[PROVIDED DATA]
::::
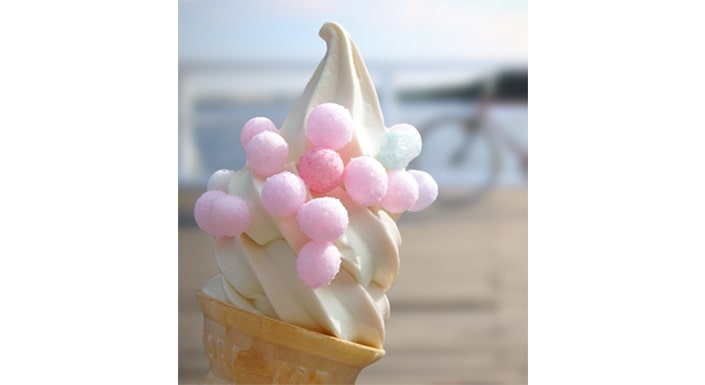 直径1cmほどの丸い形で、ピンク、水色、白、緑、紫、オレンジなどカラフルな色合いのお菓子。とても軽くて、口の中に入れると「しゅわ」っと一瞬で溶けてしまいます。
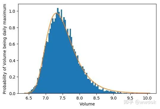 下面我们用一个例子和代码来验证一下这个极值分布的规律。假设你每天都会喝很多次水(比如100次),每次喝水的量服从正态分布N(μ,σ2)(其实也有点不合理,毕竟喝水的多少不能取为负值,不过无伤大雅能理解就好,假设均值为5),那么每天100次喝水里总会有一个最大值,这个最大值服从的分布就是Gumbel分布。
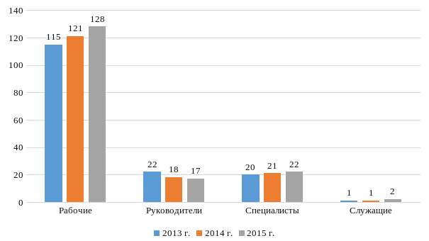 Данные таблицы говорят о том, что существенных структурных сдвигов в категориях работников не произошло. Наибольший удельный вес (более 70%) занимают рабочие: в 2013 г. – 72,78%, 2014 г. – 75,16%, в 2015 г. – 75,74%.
::::
Nothing but the lines from the start of the listing through the line with "下面我们用一个例子和代码来验" belongs in the answer, each one retyped exactly and without pictures.

 直径1cmほどの丸い形で、ピンク、水色、白、緑、紫、オレンジなどカラフルな色合いのお菓子。とても軽くて、口の中に入れると「しゅわ」っと一瞬で溶けてしまいます。
 下面我们用一个例子和代码来验证一下这个极值分布的规律。假设你每天都会喝很多次水(比如100次),每次喝水的量服从正态分布N(μ,σ2)(其实也有点不合理,毕竟喝水的多少不能取为负值,不过无伤大雅能理解就好,假设均值为5),那么每天100次喝水里总会有一个最大值,这个最大值服从的分布就是Gumbel分布。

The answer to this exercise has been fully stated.